Grzegorz Grzegorz - 15 days ago 6
PHP Question

How to replace decoded Non-breakable space (nbsp)

Assuming I have a sting which is

"a s d d"
and
htmlentities
turns it into

"a s d d"
.

How to replace (using preg_replace) it without encoding it to entities?

I tried
preg_replace('/[\xa0]/', '', $string);
, but it's not working. I'm trying to remove those special characters from my string as I don't need them

What are possibilities beyond regexp?

Edit
String I want to parse: http://pastebin.com/raw/7eNT9sZr

with function
preg_replace('/[\r\n]+/', "[##]", $text)


for later
implode("</p><p>", explode("[##]", $text))

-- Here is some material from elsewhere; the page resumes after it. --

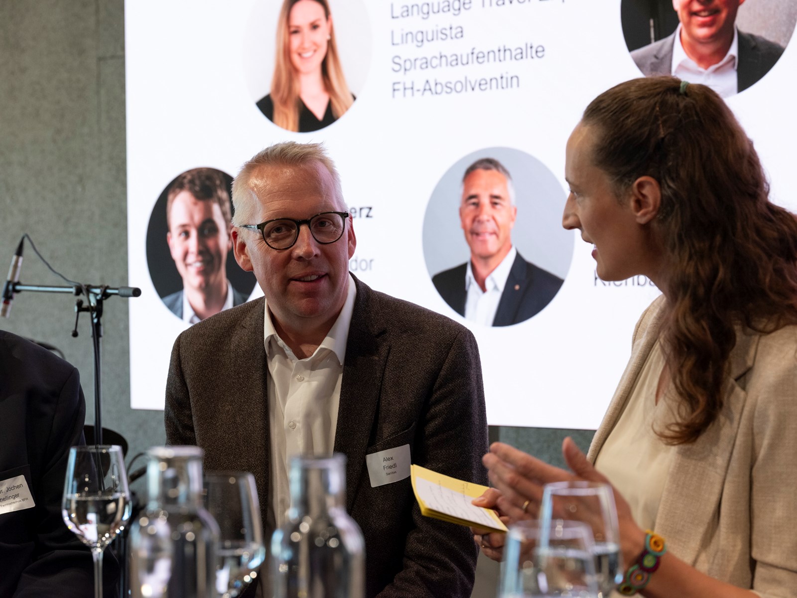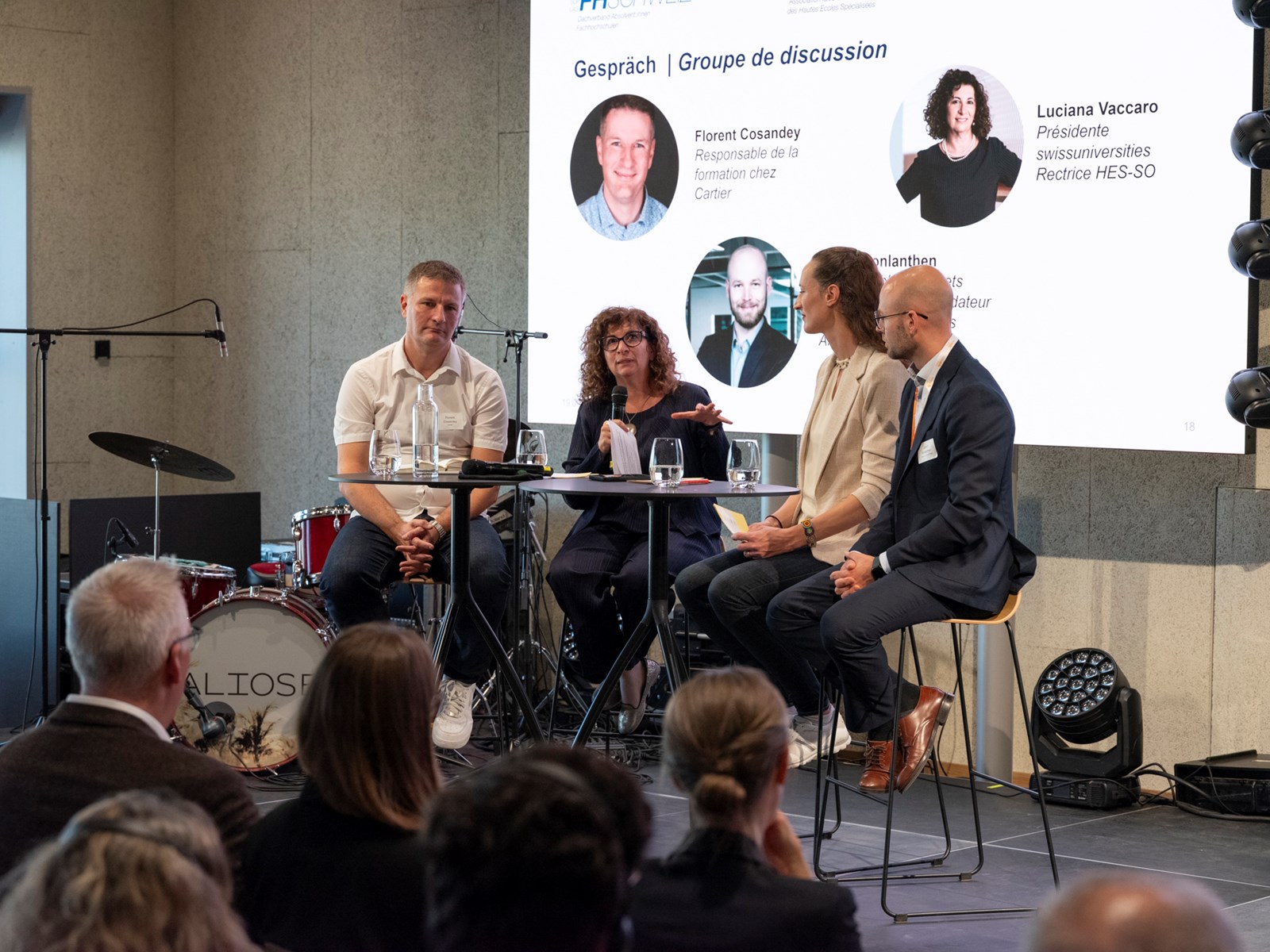 Im Rahmen der SwissSkills 2025 fand am 19.09.2025 das FH-Forum «Von Grund auf kompetent» statt. Moderatorin Sabine Östlund eröffneten den Anlass. Rémy Hübschi (SBFI) präsentierte OECD-Daten zu Grundkompetenzen. In Diskussionen mit Regina Ebnöther, Kenny Merz, Jochen Schellinger, Paul Trüssel, Alex Friedl sowie Luciana Vaccaro, Johan Vonlanthen und Florent Cosandey ging es um Praxisnähe, Kompetenzen und Erwartungen an FH-Absolvent:innen.

My question is not exactly "how" to do this (since I could encode entities, remove entities i don't need and decode entities). But how to remove those with just str_replace or preg_replace.

Answer

The problem is that you are specifying the non-breakable UTF-8 space badly. The proper code is 0xc2a0.

So you can replace it with the regular spaces it using the following code:

// faster solution
$regular_spaces = str_replace("\xc2\xa0", ' ', $original_string);

// more flexible solution
$regular_spaces = preg_replace('/\xc2\xa0/', ' ', $original_string);

Note that in the case of str_replace, you have to use the quotes for the search string, because only quoted strings are parsed and processed by PHP.

Also note how UTF-8 character code is specified as two separate numbers.